Xevudy (sotrovimab), developed by GlaxoSmithKline (GSK) and Vir Biotechnology, is the second monoclonal antibody treatment approved by the UK’s Medicines and Healthcare products Regulatory Agency (MHRA) after it approved Lagevrio (molnupiravir) last month.
The drug is administered by intravenous infusion over 30 minutes, and it is approved for people aged 12 and over and weighing more than 40 kg (88 pounds).
It’s authorised for use in people who have mild to moderate CCP (Chinese Communist Party) virus infection and at least one risk factor for developing severe illness, such as obesity, older age (55 years and over), diabetes mellitus, or heart disease.
MHRA said one dose of the single monoclonal antibody was found in a clinical trial to reduce the risk of hospitalisation and death by 79 percent in high-risk adults with symptomatic CCP virus infection.
The agency recommended using the drug within five days of symptom onset so it would be more effective.
Dr.
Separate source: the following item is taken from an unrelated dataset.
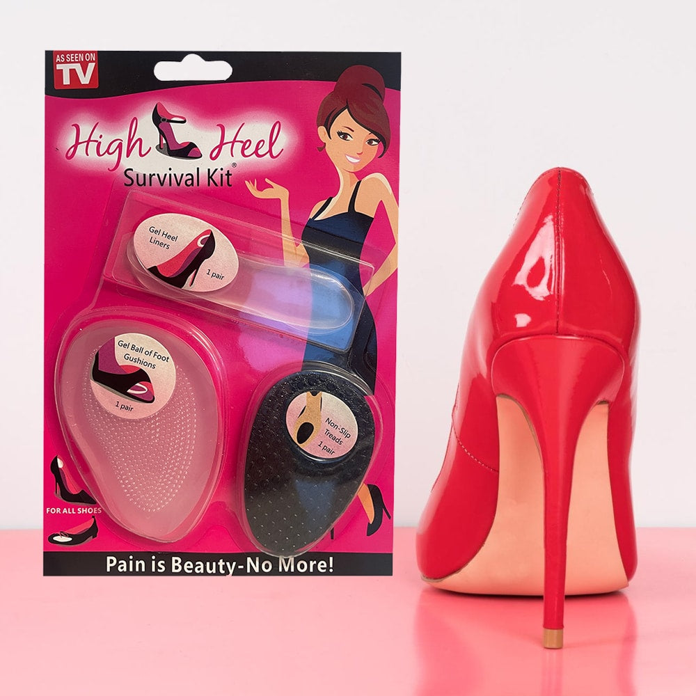 Survival Kit til høje hæle Oplev komfort og støtte hele dagen med vores Survival Kit til høje hæle. Dette sæt er designet til dig, der elsker at bære høje hæle, men ønsker at undgå smerter og ubehag. Med dette kit vil dine fødder ikke kun se fantastiske

June Raine, MHRA chief executive, said she’s “pleased to say that we now have another safe and effective COVID-19 treatment” for those at risk of developing severe illness.
“With no compromises on quality, safety, and effectiveness, the public can trust that the MHRA have conducted a robust and thorough assessment of all the available data,” Raine said.
Professor Sir Munir Pirmohamed, chair of the Commission on Human Medicines, said the commission and its COVID-19 Therapeutics Expert Working Group had independently reviewed the data and agree with the MHRA’s regulatory approval of sotrovimab.
“Based on the data reviewed by the Commission and its expert group, it is clear sotrovimab is another safe and effective treatment to help us in our fight against COVID-19,” he said.
The drug is subject to additional monitoring so new safety information can be quickly identified, MHRA said, adding that healthcare professions are asked to report any suspected adverse reactions.
According to the regulator, the known risk of the drug is hypersensitivity reactions, including serious and/or life-threatening reactions.
MHRA also said there are currently no data on the use of sotrovimab during pregnancy, breast-feeding, or the effect of the drug on male or female fertility. Health professionals are advised to balance the potential treatment benefit of the mothers and the potential risks to the fetuses or breast-fed babies.
MHRA said it is too early to know whether the Omicron variant has any impact on sotrovimab’s effectiveness.
It comes as Vir Biotechnology published preclinical data on Thursday saying the new drug retains activity against key mutations of the Omicron variant.
The UK government has ordered around 100,000 doses of sotrovimab, and said the NHS will confirm how the treatment will be deployed in due course.
The government also said that the antibody treatment “is not intended to be used as a substitute for vaccination against COVID-19.”